This magic is ferocious. It’s eating me alive—pulling viciously as the current dragged Aidan down so Conal was forced to follow. It tugs me to a chamber at the wrong end of the hall, marked by a beam and long strips of graying silk that flutter without provocation.
I don’t want to go inside. I fight with everything I possess, but it drags me through like the tide. As the last kiss of silk fades, my eyes adjust to the dim light of a single window and fall upon an altar in the center of the room.
Conal’s body rests on top.
Gods.
The magic fades like a candle snuffed, until only a whisper of its smoke lingers. His voice is just a memory in my mind. I hesitate and then trace the edge of his burial shroud, mapping the way it sculpts what must be petrified flesh now, if any remains at all. It doesn’t make sense why it’s here—why they haven’t put him in the crypt with the others to seek rest until the Isle of Lost Souls can be found.
My touch lingers on the embroidery at the silk’s edge. I wonder vaguely if Mam stitched the embroidery alone, since I wasn’t allowed to help. Da banished me before the druid could complete the first funeral rites, after all.
His face crosses my lids, and I flinch away.
I shouldn’t be here. I turn to go, but a flicker catches my eye. Rippling like moonlight.
Conal’s soulstone.
Not cracked or porous or blackened at the edges; no sign it’s been corrupted. But it’s faded somehow. The three swirls of a triskele on its top worn so smooth, they’re almost invisible—like the waves tumbled it over pebbles until someone could fetch it back from the sea.
I step closer, and my lips part as magic flutters through my belly and draws my touch back, hand hovering over the soulstone until the very air hums with longing. Because itiscalling me— No. Conal is calling me. Just like Gráinne did, deep in the water. His soul yearns to be seen, held, protected.
Released.
Icould release his spirit to the wild. I could—
“Saoirse!”
My father fills the doorway, the whites of his eyes on full display. He tears his gaze from my outstretched hand to Conal’s body and back again, going white with shock and then purple with fury. “You…you worthless, traitorous—”
“I wasn’t going to do anything. I swear!”

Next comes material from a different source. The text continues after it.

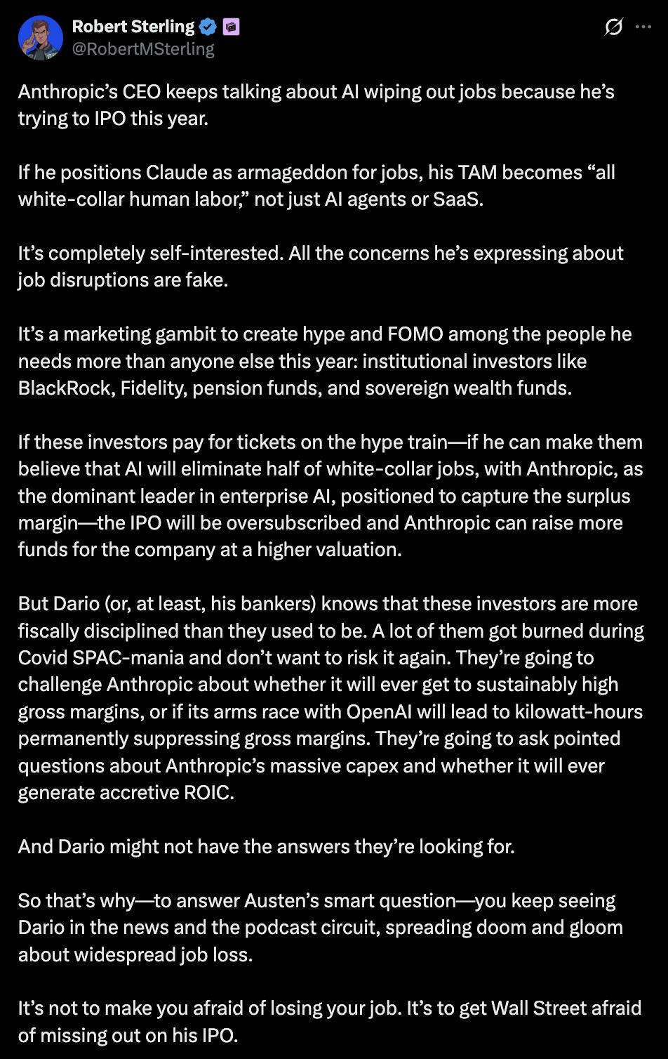 Dario Amodei不断描绘岗位大规模消失的未来,仿佛在敲响警钟:
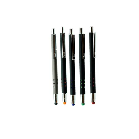 Aluminium touch ball pen,rubber finished barrel with some holes on the bottom,chrome parts,touch stylus color match the colorful weight spring inside.

“It wasn’t enough that you took his life. You want to steal his soul now as well?!”
“No, Da, please—”
He crosses the room in two strides and seizes my throat, startling me so violently that I curl my bare, bloodied fingers fast around the soulstone.
Forty-Five
I am five, shaken and bruised from a fall off my very first horse. But Da scoops me up, his laugh as warm as the quilt Mam patches every time I rip a new hole in its edges. “You’ll make a fine king—look at you! Not a bone broken. Clever boy, rolling as you did.” Da’s smiles are my favorite sight in the world.
They vanish one night, after Mam screams for an entire day and a baby is left to show for it—a girl this time. The smiles don’t return for years.
I’m thirteen, and girls take up too much of my mind, Da says. He tells me to either kiss the laundress’s daughter and be done with it, or he’ll dismiss her. I do, and kissing is far less interesting than I thought it might be. It’s easy to stick to training after that, until I’m sixteen and bed the lass. She smells so sweet, with a body as soft as spun wool, but the act is unsettling. Too animal. I leave the rutting and romance to Aidan and his favored stable lad after that.
I am eighteen, a week away from my first Damhsa. But Aidan and I are restless, knowing the grown world is minutes away from swallowing us alive. We want to live before it happens. He wrestles me in the pebbled cove while wee Saoirse searches for flat stones to skip. She never meets my eyes anymore, and I miss the strange colors.But when we go to swim, she clasps our hands—then bursts into tears and begs us to stop. White as bone, her eyes churning like a wave.
The hairs rise along my nape.
She asks if we can go inside, but every inch of me rebels. The walls hold our parents and rules, stuffy tailors keen to dress me like a damned cock for the lasses to pluck during the ritual. I shove Aidan toward the water instead, dragging her between us. Saoirse pleads, but we’re already up to our knees. I’m chilled to the bone by the end of the first dive, tilting my face back to the sun, laughing because we are young and perfectly free.
And then there’s no laughter. No air.
Tentacles of water wrap around my body, pulling me down like a monster of the deep. A current. But I know how to break free of these—Da taught me as soon as I could swim through our isle’s vicious waters. I twist my body, hold my breath, kick out instead of against until a glimpse of pale flesh banishes every feckin’ instinct.
Aidan.
My life becomes forfeit to his. I grab him around the middle and push him high, kicking with everything I have until his head breaks the surface and he can breathe, while my chest is wrapped in burning irons that tighten more with every passing moment.